Background: Clearly documented patient preferences for treatment at the end-of-life may help inform clinical decision-making during future hospitalizations. The electronic health record (EHR) could facilitate easier access to this information. However, little is known about current documentation practices regarding advanced care planning in the EHR. The objective of this study was to determine the prevalence and content of advanced care planning documentation in the EHR (Epic 2012®) of a single academic teaching hospital, and then to develop a set of local recommendations for best practices.

Methods: We identified all patients discharged from the Hospital Medicine service from January 1, 2015 through October 31, 2015. Using validated automated queries, we collected data on the presence of Physician Orders for Life Sustaining Treatment (POLSTs), a commonly recommended form that documents patients’ wishes for life-sustaining medical treatment and communicates them by creating portable medical orders. We then identified key physician, nurse, social worker and practice manager stakeholders in Palliative Care, Primary Care, Hospital Medicine, Geriatrics, Oncology, and Symptom Management. Stakeholders helped determine a set of best practices for EHR documentation of advanced care planning.

Results: Of the 5671 patients discharged, 1263 (22%) had orders to limit life-sustaining interventions (“Do Not Resuscitate/Do Not Intubate” or “Partial” code orders) at the time of discharge.

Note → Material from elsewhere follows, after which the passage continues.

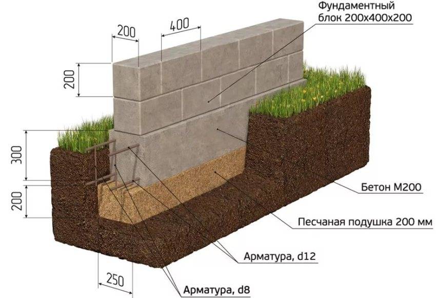 После подготовки траншеи изготавливается песчаная подушка. Толщина слоя песка со щебнем, при условии что грунт пучинистый, может достигать 30–35 см. Для нормальной почвы достаточно 15 см. После того как изготовлена подушка можно приступать к установке блоков.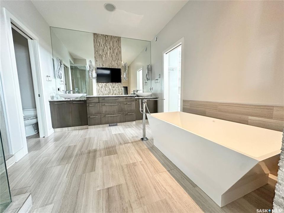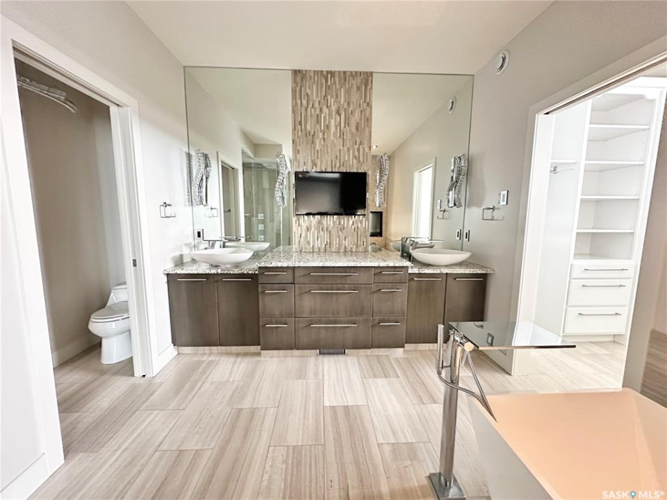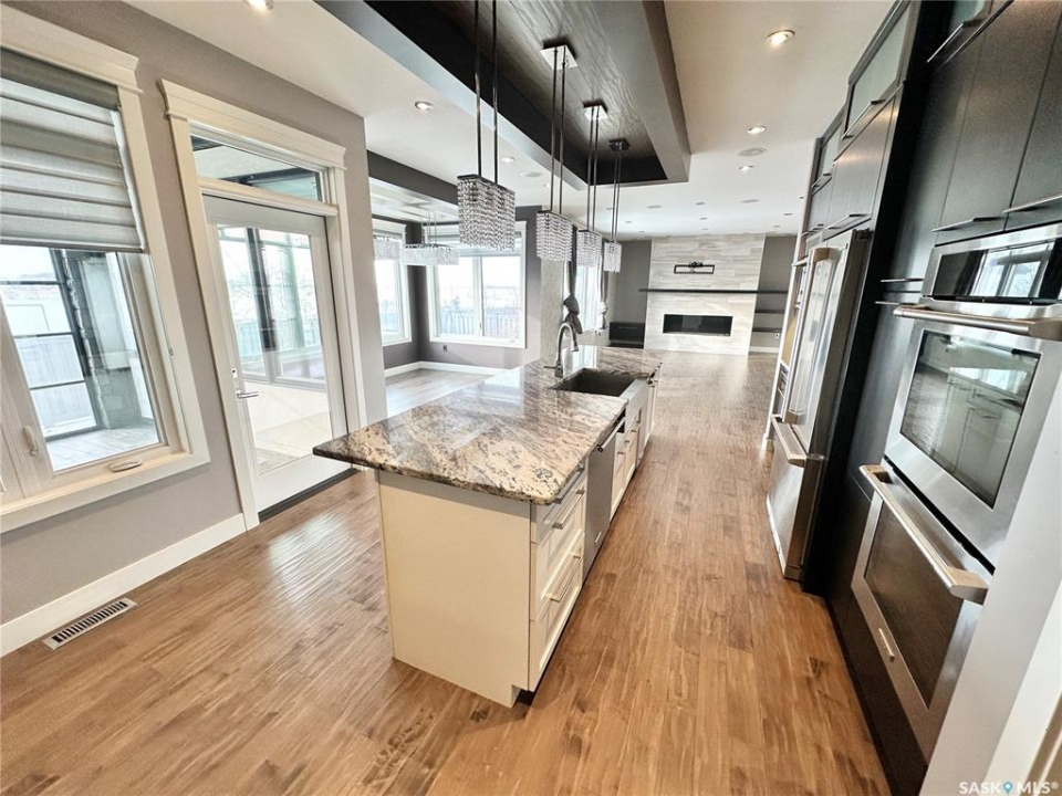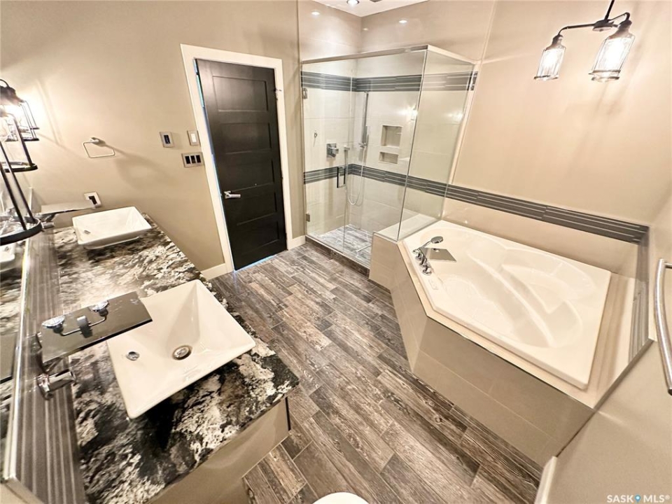 Welcome to Luxury Living in Weyburn SK! At $799K for over 3,000 finished square feet, this stunning 2 storey home is one of the best buys Weyburn has to offer. Amazing curb appeal, huge 3 car garage with in floor heat, heated marble floors, custom maple cabinets, high end stainless steel appliance package, granite countertops, butler pantry, gorgeous hardwood flooring, three different 5 piece bathrooms including the show stopping ensuite off the Primary bedroom that houses a beautiful custom tiled shower, stand alone tub, large his and her vanity, 3 way fireplace and a very well organized walk in closet. Set up for entertaining, the downstairs spoils you with in floor heat, stylish bar setup, room for a pool table/games table and large family room area. The bathroom downstairs is stunning and includes another custom shower, jacuzzi corner tub and a double vanity. Built in sound system, 3 season sun room, composite decking, amazing location just steps away from Assiniboia Park School... this home has it all, call your favourite Agent to schedule your showing!

These preferences were documented in the “Problem List” of the EHR in 1012 (80%) of patients with limits on life-sustaining treatment, and in the discharge summary “Expressed Wishes” section in 1063 (84%) of these patients. POLST forms were not universally completed, even for patients discharged to skilled nursing facilities or hospices (Figure 1). 

Our stakeholders identified several key recommendations: a centralized location for advanced care planning documentation in the EHR available to clinicians of all disciplines, improved note templates to assist in standardizing documentation of goals of care, and consistent and highly visible locations in the EHR to display patient surrogate information, POLSTs and advanced directives, and code status.

Conclusions: We found significant room for improvement in documenting patient end-of-life wishes in our EHR, and identified a set of actionable strategies to improve accessibility of advanced care documentation.